Required action -> In the records below, find the line containing "Ваш карапуз гарантовано" and the line containing "This handcrafted leather". Give again exactly those lines and every line between them, omitting the pictures.

Collection entries:
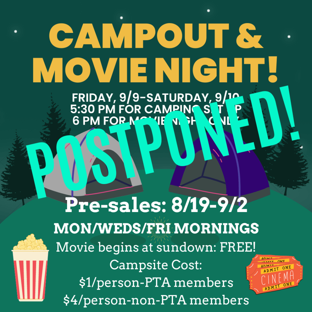 We are sad to announce that PTA will be postponing Movie Night and Campout due to rain in the forecast beginning Friday, 9/9 and into Saturday, 9/10. Our plan is to move forward on October 21, 2022! We are sorry for the inconvenience but we are looking forward to sharing this fun night with you very soon. We will keep everyone informed as the date gets closer.
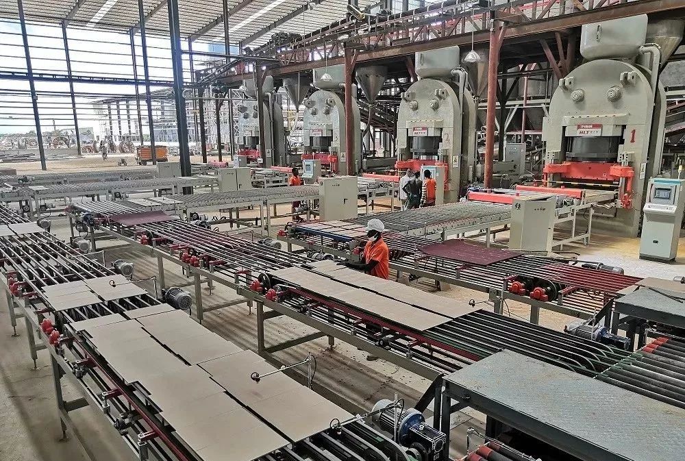 2019年下半年,恒力泰近20臺YP系列自動液壓機在旺康集團相繼投產(chǎn)。其中,沙特旺康8臺YP3609,主要生產(chǎn)600×600(mm)拋釉磚和水晶磚,總?cè)债a(chǎn)量可達十萬平方米;加納旺康4臺YP4000B,主要壓制600×600(mm)拋釉磚,總?cè)债a(chǎn)量超兩萬平方米;尼日利亞旺康4臺YP4000B;主要壓制250×400(mm)內(nèi)墻磚,總?cè)债a(chǎn)量超五萬平方米。
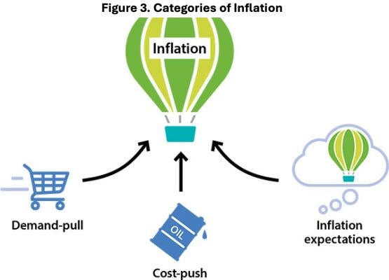 First, there’s a demand-pull, where the demand for goods and services is greater than the supply, which occurs when people’s capacity to pay for things increases, usually in the form of higher wages.
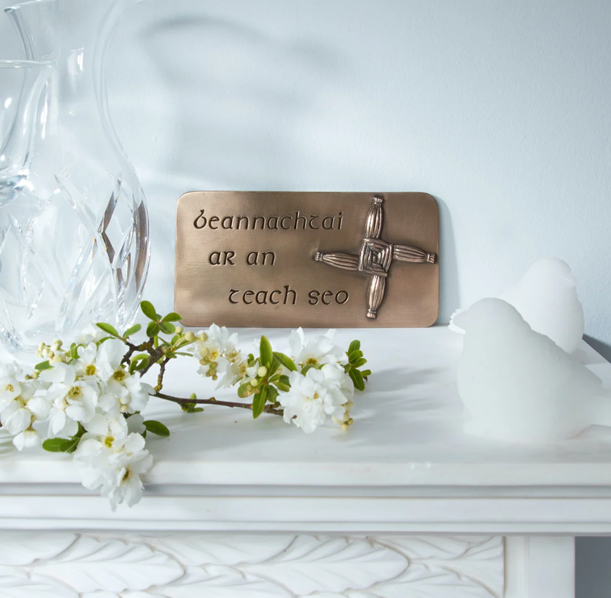 Usually woven from reeds, the St Brigid's Cross is thought to protect the home. This wall hanging comes with the Irish phrase, which means: blessings on this house. There are many folk traditions associated with St Brigid, which are still celebrated in rural Ireland.
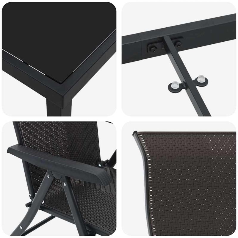 Този модерен градински комплект за хранене предлага стилно решение за външно хранене и отдих. Комбинацията от елегантен модерен дизайн и функционална универсалност прави тази мебел отличаваща се в която и да е градина или тераса. Идеален за летни събирания, този комплект за хранене кани семейството и приятелите да се насладят на открито ястия, докато се наслаждават на уютната атмосфера, която създава. Чистите линии и съвременни материали подобряват привлекателността на всяко външно пространство, като предлагат елегантност и ежедневна практичност. Материали: Изработени от висококачествен полиратан, предлагащ издръжлив и стилен вид, подходящ за всяко открито пространство. Този материал осигурява UV защита, запазвайки красотата си с времето и предоставяща здрава структура срещу променливите метеорологични условия. Прахово боядисаната стомана подобрява устойчивостта на рамката, увеличавайки издръжливостта и предлагайки атрактивна съвременна естетика. Включени компоненти: Комплектът включва полиратанови столове с опорни гръбчета и удобни подлакътници. Закаленото стъкло на масата предлага гладка и здрава повърхност, перфектна за хранене или дейности. Всички части, от прахово боядисаните стоманени крака до плетените полиратанови гръбчета, работят безпроблемно за предоставяне на комфорт и стабилност. Характеристики / Функция / Дизайн: Лесно съхранявайте комплекта, когато не се използва, благодарение на сгъваемия, регулируем дизайн. Седемте регулируеми нива позволяват да намерите идеалната височина за всякакъв случай, докато механизмът с лост прави трансITIONS гладък, адаптира се към различни дейности и предпочитания. Препоръчителни приложения: Идеален за организиране на градински партита или спокойни вечери под звездите. Комплектът красиво се адаптира към всяка външна обстановка, правейки го идеален за тераси, патрио или по-големи задни дворове. Неговата многофункционалност означава, че обслужва както интимни семейни вечери, така и по-големи социални събирания. Грижа и поддръжка: Запазете вида му, като използвате водоустойчиво покривало, когато не се използва, за да го защитите от външни условия. Регулярното почистване на стъклената повърхност и рамката с суха кърпа осигурява поддържане на чистота и привлекателност сезон след сезон. Максимално 110 кг на седалка.
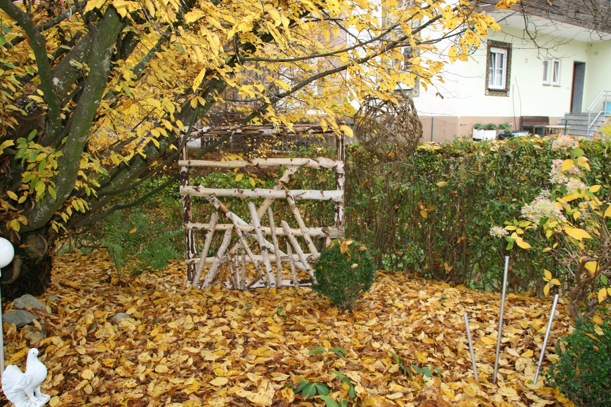 Was Du für schöne Zyklamen hast! Ich habe nur die ganz normalen, freu mich aber auch über jede einzelne. die Gans hat sich aber auch gut versteckt, na ja, s´ist ja bald Martini! :) Die Hopfenbuche hat Dir einen wunderschönen goldenen Teppich beschert.
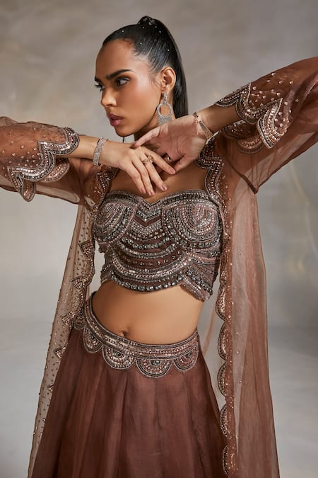Cognac brown organza scallop embellished over-sized cape with sheer sleeves. Paired with lehenga with attached cancan & padded corset blouse.
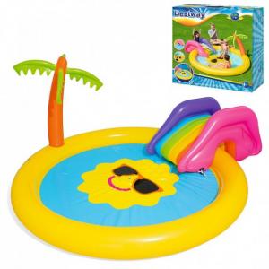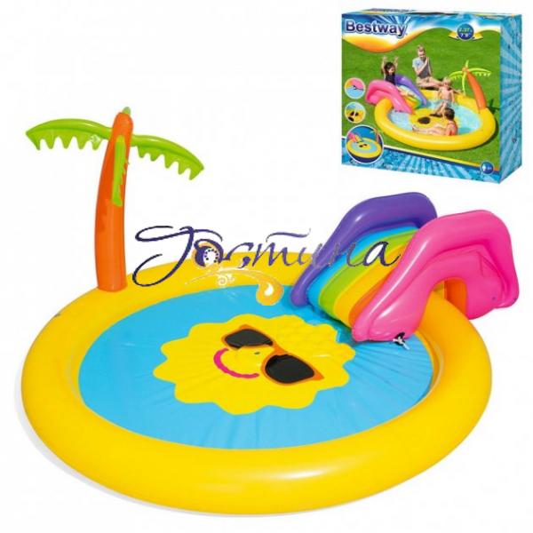 Ваш карапуз гарантовано закохається з першого погляду в цей симпатичний, яскравий і привабливий басейн. На дні чаші намальовано усміхнене сонечко, а бортик прикрашений пальмою. У комплекті також йде і райдужна гірка, яка подарує дитині море веселощів. Літні забави стануть ще веселіше з таким басейном!
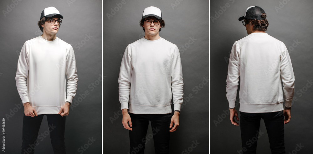 Foto Man wearing blank white sweatshirt and empty baseball cap standing over gray background
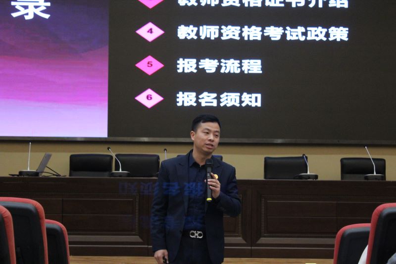 吴江老师为同学们对中国教师教育网进行了介绍、对老员工就业方向进行了分析、对教团队格证考试政策详细解读。通过吴江老师的讲解,同学们了解到考取教团队格证不仅能够为自身提供一个好的就业方向和条件,还有其他很多优惠的政策。吴江老师同时也鼓励同学们在大一、大二宝贵的时间里认真学习,为考取教团队格证做好充分准备。
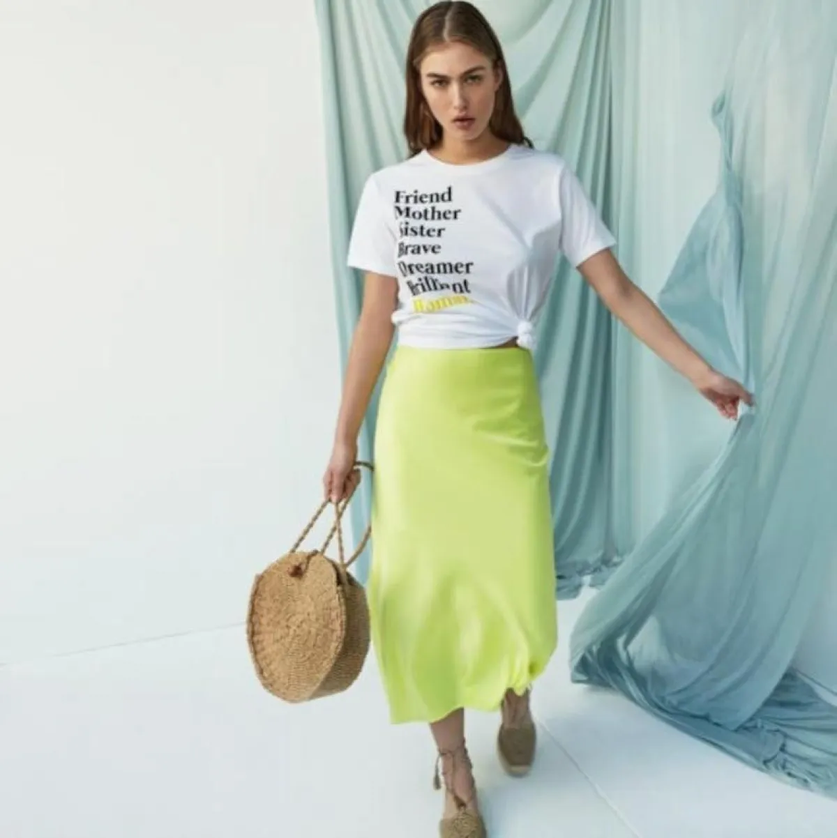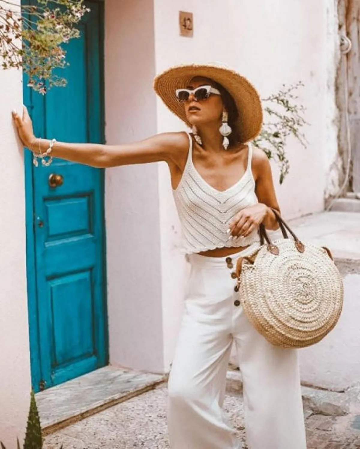 -نسقيها مع البنطلون الواسع والتوب القصير لتتألقي بشكل عصري، أيضا اختاري تنورة بإحدى ألوان النيون مثل الأخضر ونسقي معه توب واصطحبي الحقيبة الخوص في يديك.
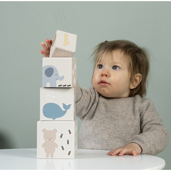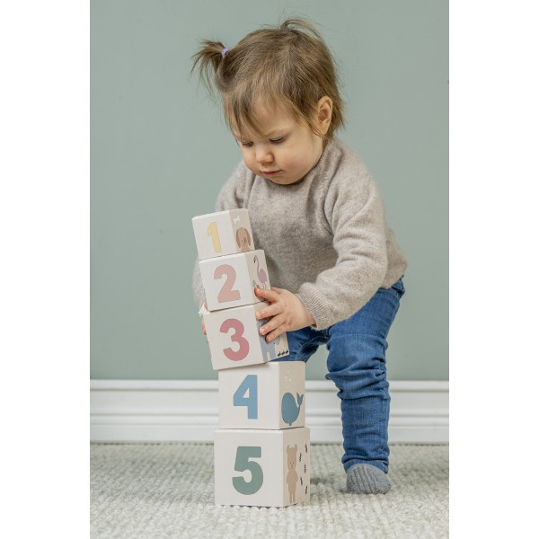 -piramida, wieża kostki do układania - doskonała zabawka wspierająca rozwój motoryki małej, zręczności i koordynacji wzrokowo-ruchowej, zaprojektowana tak, by zachęcać dzieci do poznawania równowagi i balansu pomiędzy przedmiotami, aby utrzymać wieżę w pozycji pionowej. Idealna do nauki wczesnych predyspozycji matematycznych: poznamy rozmiar, wzrost, wielkość, porównywanie, kolejność.
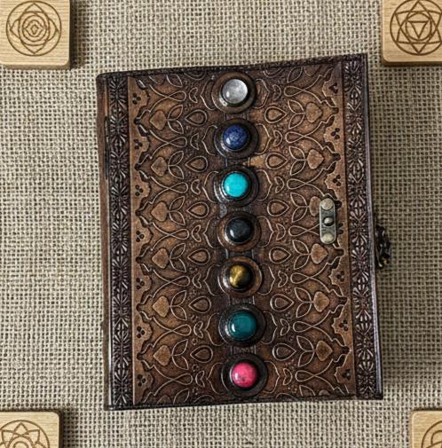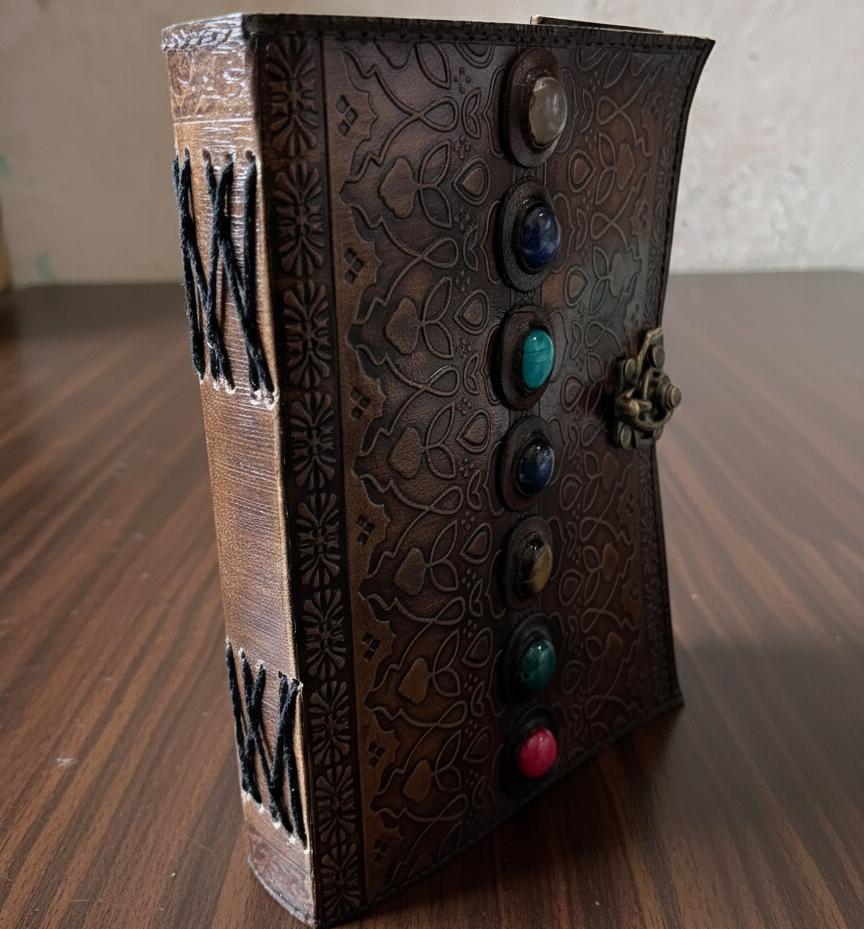 This handcrafted leather chakra journal features a beautifully embossed vintage leather cover, a secure antique metal lock, and seven healing chakra stones aligned along the front, symbolizing balance, energy, and mindfulness. Designed for spiritual seekers, writers, and creatives, this journal is both a functional notebook and a meaningful spiritual keepsake.
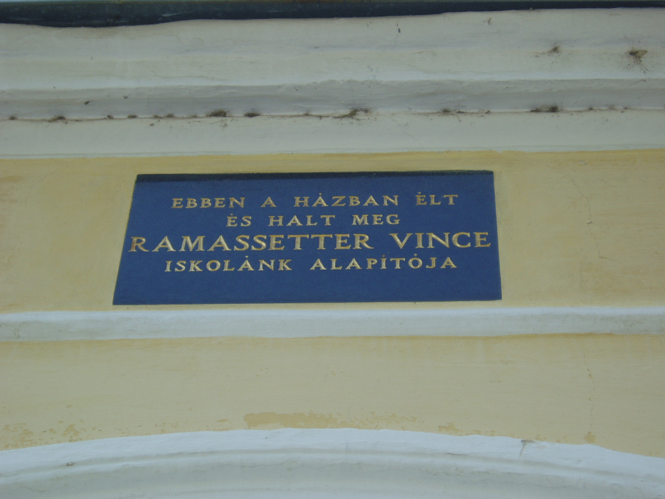 Nyilvános 1402 | 1850 | Sümeg, Ramassetter utca 10. | A Ramasetter utca házai jórészt a XVII. század második felében épültek, bár a legtöbbet később átalakították. A 10. számú épület is barokk stílusú, földszintes ház volt eredetileg, amelyre később emeletet építettek, s homlokzatát eklektikus stílusban átalakították. Az épület homlokzatán olvasható emléktábla szerint ebben a házban élt és halt meg Ramassetter Vince, "Sümeg atyja". Ramassetter Vincének a városban egészalakos szobra (lásd: Sümeg, Kossuth u. 13.) és több emléktáblája is látható, köztük a közelben álló szülőházán is (lásd: Sümeg, Deák F. u. 6.). A város jótevője a helyi köztemetőben nyugszik (lásd: Sümeg, Temető: Ramassetter Vince sírja). A fénykép 2007 júniusában készült. Felh. irod.: Koppány Tibor - Kozák Károly: Sümeg útikalauz. Veszprém, Idegenforgalmi Hivatal, 1965 Veszprém megyei életrajzi lexikon. Veszprém, Veszprém Megyei Önkormányzat Közgyűlése, 1998 www.ekmk.hu/emlekhely/Emlekhelyek.html |
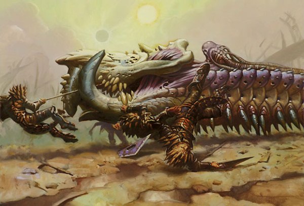 Huh? A battering ram is designed for destroying walls, which usually have high toughness, so the power boost I can take. But a +4 toughness? This is one of the largest power/toughness boosts ever found on an equipment. Equipping Batterskull to a creature that wouldn’t die without its help (a 0/1 or larger, in other words) gives you a monster bigger and tougher than Air Elemental, Cyclops Gladiator, or Battlegrace Angel, all from a giant centipede with big teeth that sprout other teeth. Presumably, the equipped creature sits in the top bit where the torso is, and it is covered in armored plates, but a Grizzly Bears driving a Batterskull can take down an Inferno Titan in a straight-up fight.
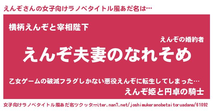 | ヘコむあだ名 | 『えんにー』『豆乳』『えんを』 |
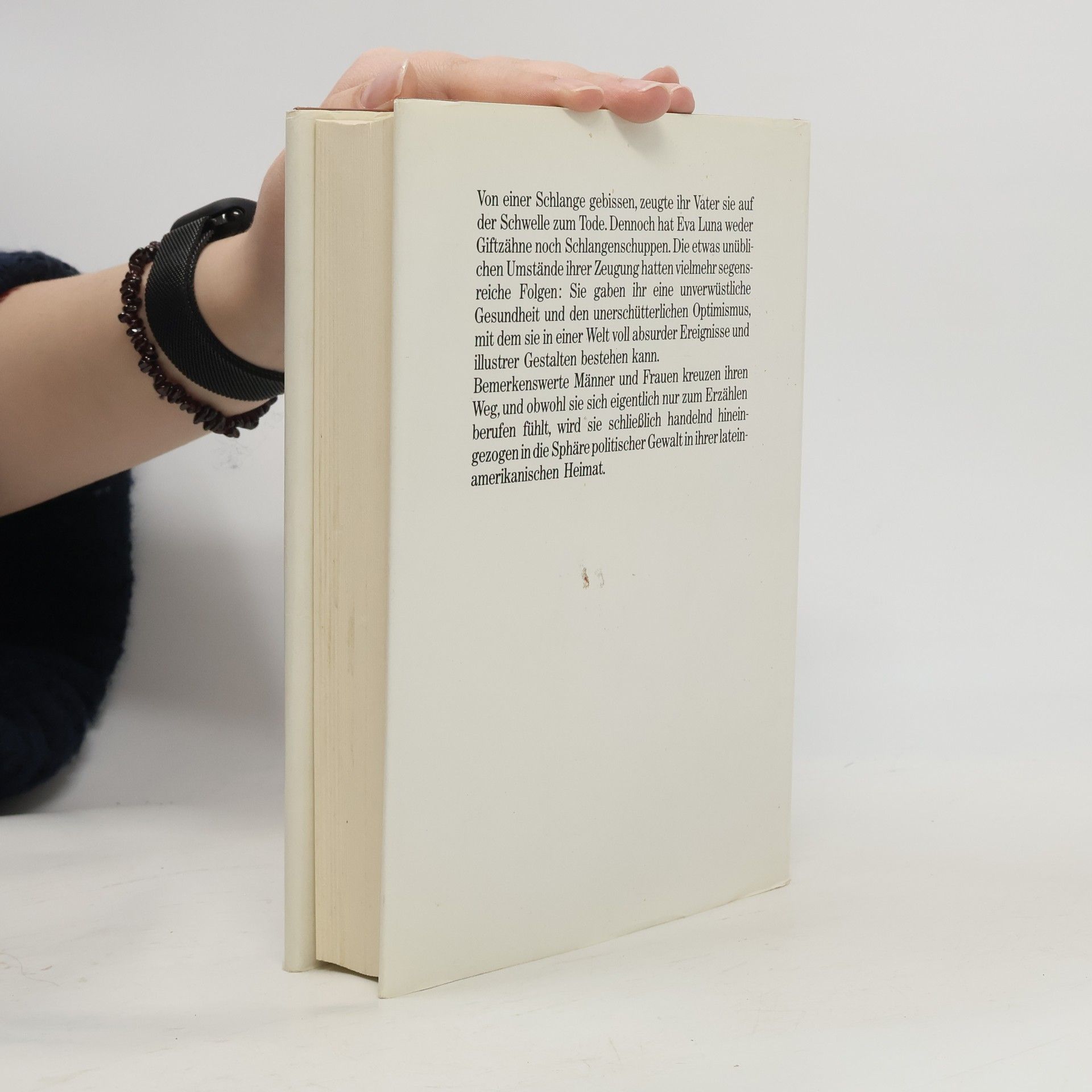 Das Waisenkind Eva Luna, von seinen Eltern auf äußerst ungewöhnliche Weise gezeugt, ist eine Geschichtenerzählerin wie Scheherazade. Und wie diese rettet auch sie mit ihren Geschichten Leben und erschafft sich eine eigene, bessere Welt. Die Menschen, auf die sie als Mädchen und später als junge Frau trifft, sind gleichermaßen fasziniert und auch teilweise erschrocken von diesem besonderen Menschen, dem noch die härteste Realität scheinbar nichts anzuhaben vermag. Eva, die immer noch mit ihrer toten Mutter kommuniziert, hat ein großes Herz, liebt ohne Vorbehalte und erfreut die Menschen, die ihr wichtig sind, mit ihren faszinierenden, verworrenen und unglaublichen Geschichten. Egal ob ihre Patin, ihre große Liebe Huberto Naranjo, die adoptierte Großmutter Elvira, Melecio, der so gerne eine Frau wäre, ihr Ziehvater Riad Halabi, der von einer Hasenscharte entstellt ist oder Rolf Carlé - sie alle halten Einzug in Evas Herz und in ihre Gedankenwelt, die so schön ist, so voller Phantasie und Erotik, dass es die Menschen zu Tränen rührt. Eva Luna macht ihren Weg, verliebt sich, muss wieder Abschied nehmen, findet verloren Geglaubte wieder und ist trotz aller Widrigkeiten immer voller Lebenslust. Sie wird hineingezogen in die Guerrillabewegung Chiles, steht für ihre Ideale ein und findet am Ende das, auf was sie immer gehofft hat - die Liebe, die ihrem Leben die Erfüllung gibt.

Response to this exercise ->
 Ваш карапуз гарантовано закохається з першого погляду в цей симпатичний, яскравий і привабливий басейн. На дні чаші намальовано усміхнене сонечко, а бортик прикрашений пальмою. У комплекті також йде і райдужна гірка, яка подарує дитині море веселощів. Літні забави стануть ще веселіше з таким басейном!
 Foto Man wearing blank white sweatshirt and empty baseball cap standing over gray background
 吴江老师为同学们对中国教师教育网进行了介绍、对老员工就业方向进行了分析、对教团队格证考试政策详细解读。通过吴江老师的讲解,同学们了解到考取教团队格证不仅能够为自身提供一个好的就业方向和条件,还有其他很多优惠的政策。吴江老师同时也鼓励同学们在大一、大二宝贵的时间里认真学习,为考取教团队格证做好充分准备。
 -نسقيها مع البنطلون الواسع والتوب القصير لتتألقي بشكل عصري، أيضا اختاري تنورة بإحدى ألوان النيون مثل الأخضر ونسقي معه توب واصطحبي الحقيبة الخوص في يديك.
 -piramida, wieża kostki do układania - doskonała zabawka wspierająca rozwój motoryki małej, zręczności i koordynacji wzrokowo-ruchowej, zaprojektowana tak, by zachęcać dzieci do poznawania równowagi i balansu pomiędzy przedmiotami, aby utrzymać wieżę w pozycji pionowej. Idealna do nauki wczesnych predyspozycji matematycznych: poznamy rozmiar, wzrost, wielkość, porównywanie, kolejność.
 This handcrafted leather chakra journal features a beautifully embossed vintage leather cover, a secure antique metal lock, and seven healing chakra stones aligned along the front, symbolizing balance, energy, and mindfulness. Designed for spiritual seekers, writers, and creatives, this journal is both a functional notebook and a meaningful spiritual keepsake.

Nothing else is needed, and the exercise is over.